Problem to solve: In the entries below, find the line with "Giving this information" and transcribe it and every line after it exactly, through the last line, without pictures.

*** Opening Data for processing ***

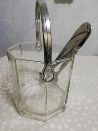 Cubitera de cristal con forma octogonal. Asa de metal. Pinza de inox.-18/8.
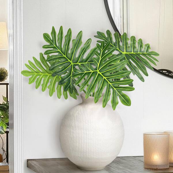 23 in. Real Touch Artificial Selloum Philodendron Leaf Stem Plant Greenery Foliage Spray Branch (Set of 4)
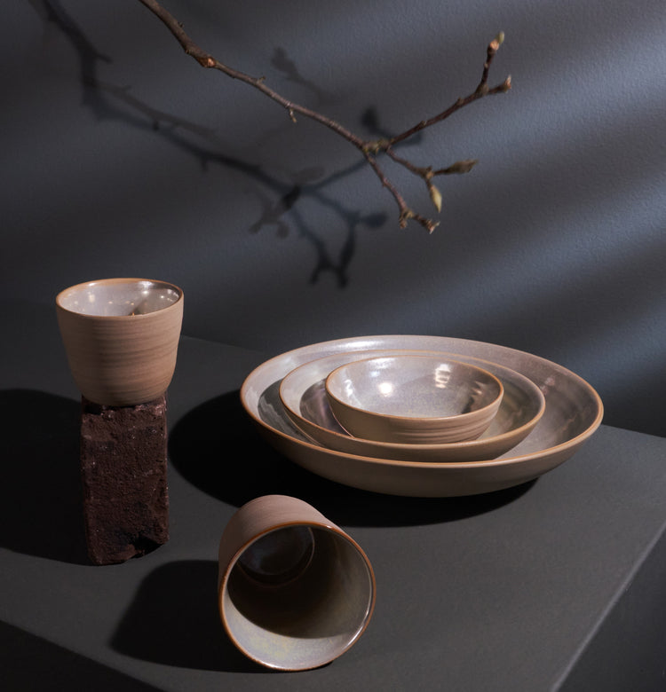 The calm color palette of Ostra Pearl harmoniously combines the reactive glossy glaze
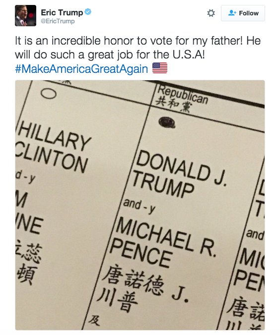 По данным издания, Эрик Трамп разместил фото бюллетеня в своем микроблоге в Twitter. "Это невероятная честь голосовать за своего отца! Он проделает такую большую работу для США", - подписал он фотографию.
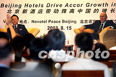法國雅高亞太區(qū)董事行政總經(jīng)理艾森柏(右)十五日在北京宣布,包括中國首家國際經(jīng)濟性酒店天津宜必思在內(nèi)的九家酒店即將在中國開業(yè)。他表示“非典”并沒有降低中國未來發(fā)展?jié)摿,這是拓展中國酒店網(wǎng)絡(luò)最有利的時刻。中新社記者:鄭萍萍
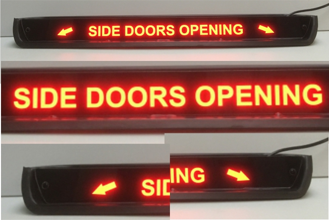 "SIDE-DOORS OPENING" rear window sign.
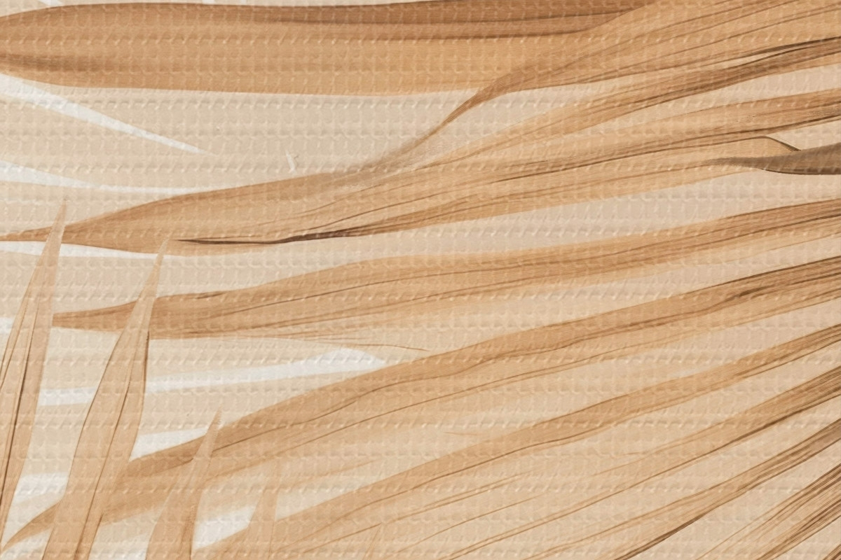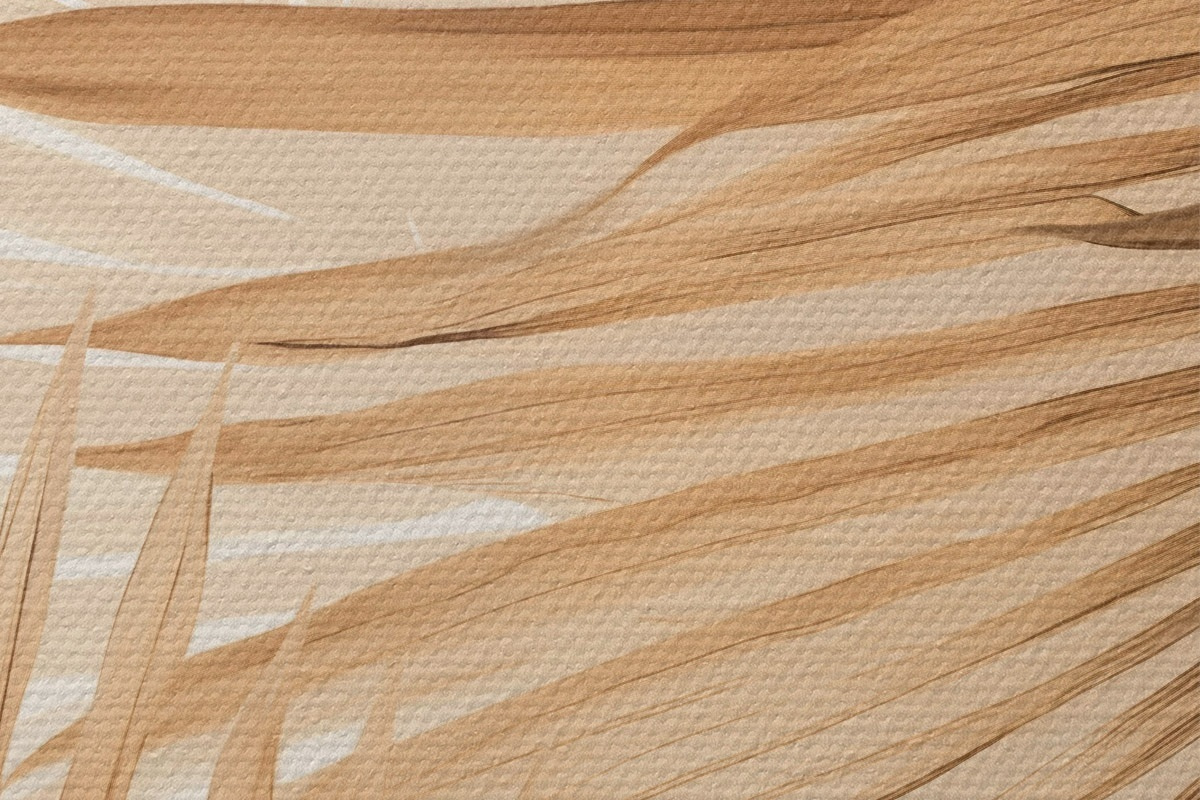 Okrągły obraz Abstrakcyjne liście palmowe w brązowych odcieniach, tropikalne, botaniczne, naturalne, minimalistyczne, eleganckie, nowoczesne wzornictwo Nr r46275
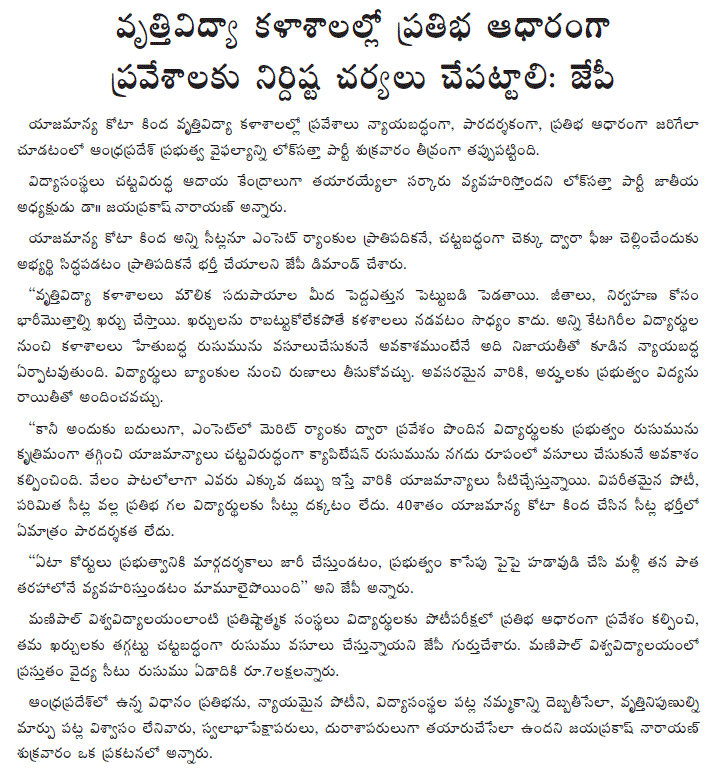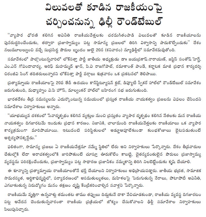 Giving this information in a media statement, Mrs. Hyma Praveen, Lok Satta leader, said that Lok Satta Party national President Dr. Jayaprakash Narayan, freedom fighter Mrs. Mallu Surajyam and social activist Mrs. Satyavani will take part in the meeting.
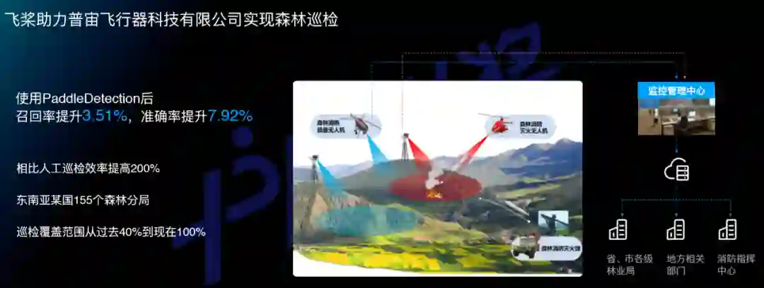 一直以来,PaddleDetection 在产业实践方面有着广泛的应用。在使用 PaddleDetection 替代人工进行森林巡检后,效率提高了 200%;疫情期间,PaddleSeg 应用于肺炎 CT 影像分析 AI 模型,病灶识别的精准度可达到 92%,召回率达 97%,研发工期缩短 30%。
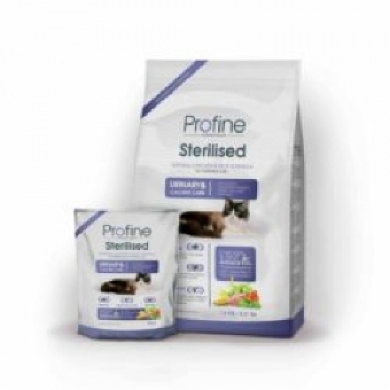 Корм Profine STERILISED создан по специальной рецептуре. В нем 35% протеина сочетается с небольшим удельным весом жиров. За ежедневное поступление тауриновой аминокислоты отвечает присутствующее в составе куриное мясо. Этот продукт обладает диетическими свойствами и благотворно сказывается на работе ЦНС и сердечной мышцы.

*** Closing Data for processing ***

Reply:
 Giving this information in a media statement, Mrs. Hyma Praveen, Lok Satta leader, said that Lok Satta Party national President Dr. Jayaprakash Narayan, freedom fighter Mrs. Mallu Surajyam and social activist Mrs. Satyavani will take part in the meeting.
 一直以来,PaddleDetection 在产业实践方面有着广泛的应用。在使用 PaddleDetection 替代人工进行森林巡检后,效率提高了 200%;疫情期间,PaddleSeg 应用于肺炎 CT 影像分析 AI 模型,病灶识别的精准度可达到 92%,召回率达 97%,研发工期缩短 30%。
 Корм Profine STERILISED создан по специальной рецептуре. В нем 35% протеина сочетается с небольшим удельным весом жиров. За ежедневное поступление тауриновой аминокислоты отвечает присутствующее в составе куриное мясо. Этот продукт обладает диетическими свойствами и благотворно сказывается на работе ЦНС и сердечной мышцы.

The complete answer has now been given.